Dentro de todos los actos que encierran una sacralidad que sólo los seres humanos gozan, aun teniendo en común con el resto de los seres en su función, se encuentra en un lugar preeminente el comer. Sí, el almuerzo o la cena, el desayuno o un simple vino.
En los tiempos presentes, donde la desacralización de los actos humanos rectos y libres (¡vaya redundancia!) es vicio repetitivo, hemos llegado, en lo cotidiano, a perder el sentido de lo propio, de lo que es constitutivo de nuestra humanidad, con esa filiación divina que nos eleva del fango como creatura de Dios que somos.
Porque, sufrido lector, no es lo mimo comer que alimentarse, no es lo mismo sentarse a la mesa que satisfacer instintos. En sendos casos, lo primero es propiamente humano y lo segundo completamente animal, independientemente de la elegancia del mantel o la calidad de los cubiertos.
Es una observación tan sencilla como olvidada. Siempre ha sido, y debe serlo, el almuerzo la parte central de la familia, de la casa, al mismo nivel que el rezo conjunto a Nuestro Señor Jesucristo. Tanto es así, y tanta es la ignorancia y el embrutecimiento existente, que es necesario recordar las simplezas.
Primero se reza, se bendice la mesa, sea usted o no creyente, Dios existe y el agradecimiento por lo que va a ingerir no le queda eximido ante Quien se lo ha proporcionado. Porque como ser contingente que es usted, que no posee en sí mismo su propia razón de ser, no será necesario explicitarle la contingencia de su comida, mucho más insegura que su existencia propia.
Comer todos juntos y empezando al unísono. Sólo los animales comen de forma individual aún estando en manada o piara. Ellos no esperan, sólo engullen, y cuanta mayor cantidad y más rápido, mejor. Siempre se espera por el último, máxime si ese último es el ama de casa, que con su tiempo, esfuerzo, dedicación y buen hacer es la que lo ha hecho posible, haya lo que haya en el plato.

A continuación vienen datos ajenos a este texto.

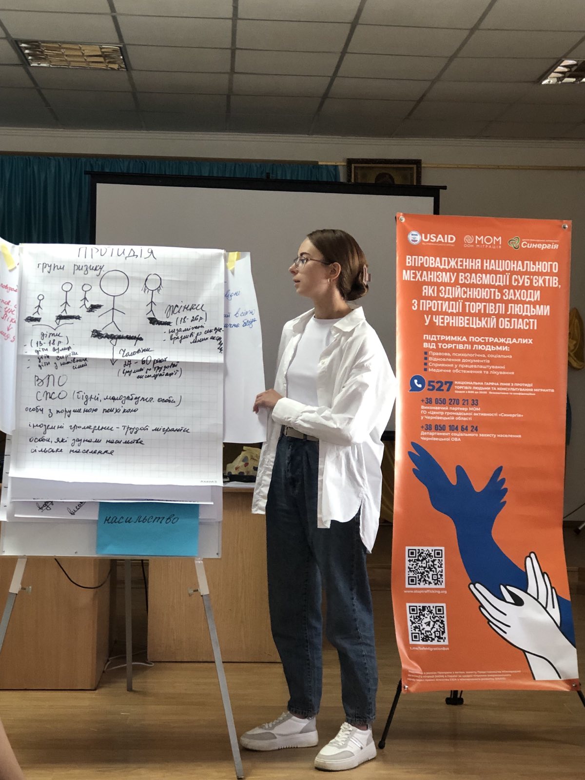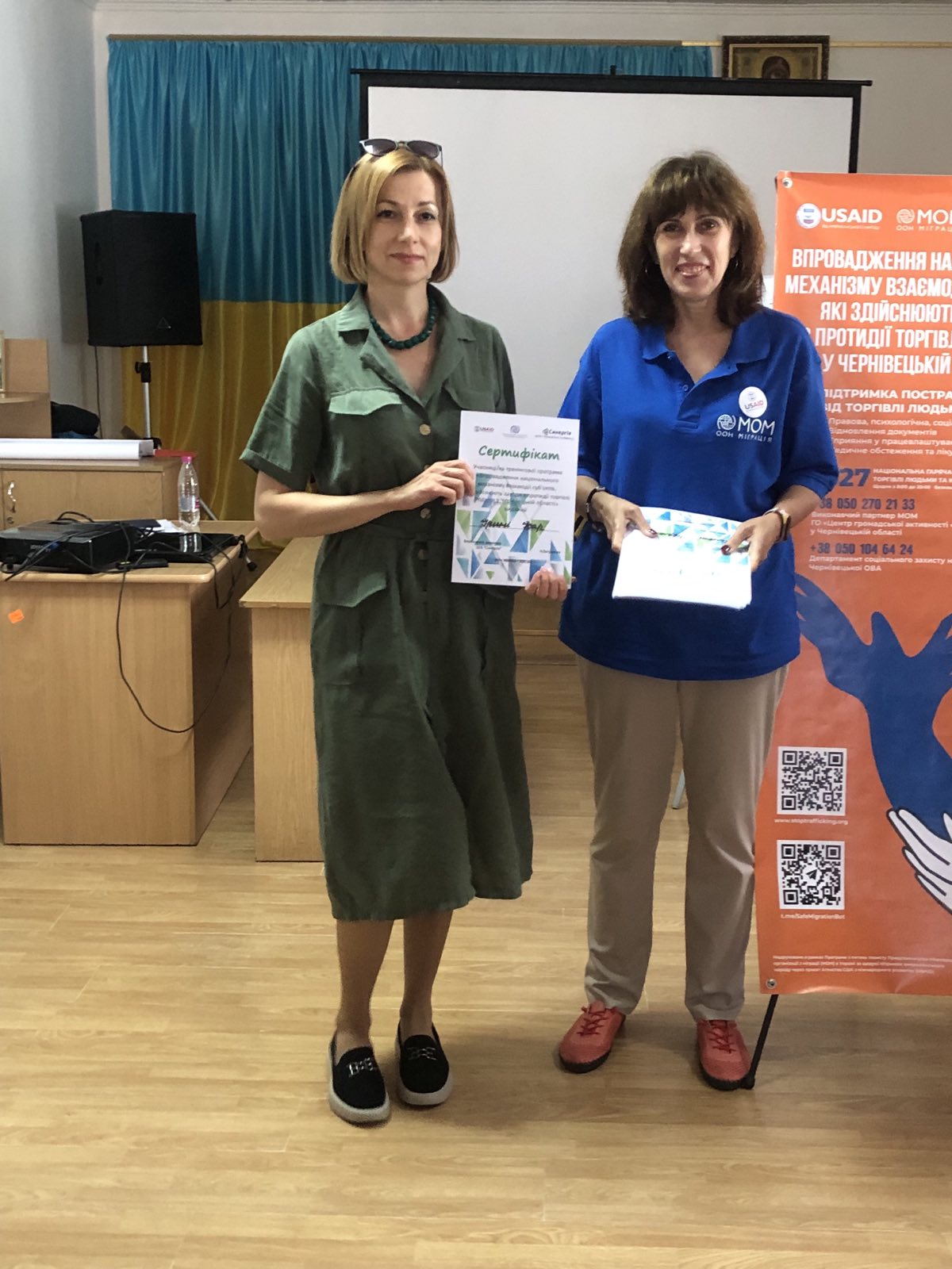 Тренінг відбувався в межах проекту «Впровадження національного механізму взаємодії суб’єктів, які здійснюють заходи в сфері протидії торгівлі людьми у Чернівецькій області» (виконавець – ГО «Центр громадської активності «Синергія»), за сприяння представництва Міжнародної Організації з Міграції (МОМ) в Україні та за фінансової підтримки USAID.
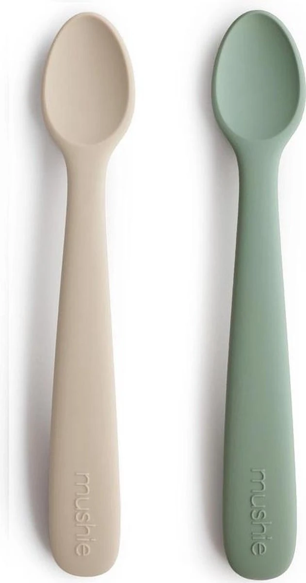 Een set babylepels van Mushie, twee siliconen lepels om van de eerste hapjes een feest te maken. Het kinderbestek is gemaakt van siliconen, dit beschermt doorkomende tandjes.

Nunca se sirve a uno mismo, sólo las bestias obran para sí únicamente. Nuestro vaso o copa, sólo verá nuestra mano una vez rebosen los demás.
No hay más comensales que los que están sentados a la mesa. Parece evidente, pero es tónica extendida invitar a extraños y, por ende, de dudoso o escandaloso comportamiento. Me explico: no se enciende el televisor. ¿Desde cuándo se invitan a extraños a casa? Mucho menos se les sienta en nuestra mesa.
A cada plato, el servicio al otro imperará, amén de una conversación que, por su naturaleza familiar, es obligada, agradable, participativa y comunitaria. Será el momento sobre el que pivota la vida, donde se entreteje lo vivido en la jornada, con sus alegrías y sus asperezas. Esto requiere un bien que no tiene precio y del que la avaricia está justificada: tiempo. Sin prisa.
Y cuando ya hemos finalizado, sorteando la última tentación de caer en un comportamiento animal: bendición, agradecimiento y colaboración.
No nos levantamos sin agradecer a Nuestro Señor Jesucristo lo comido, ni quedan los platos en la mesa como huesos abandonados por los buitres, ni recoger la mesa es tarea de uno sólo: ¡devorado el antílope todos a la cueva!, ¡no!
Y esto tanto en el hogar, como en el restaurante o sobre la manta en un día de campo, o en tras el coche con el maletero abierto tomando un humilde bocadillo de mortadela.
María Dolores Rodríguez Godino, Margaritas Hispánicas.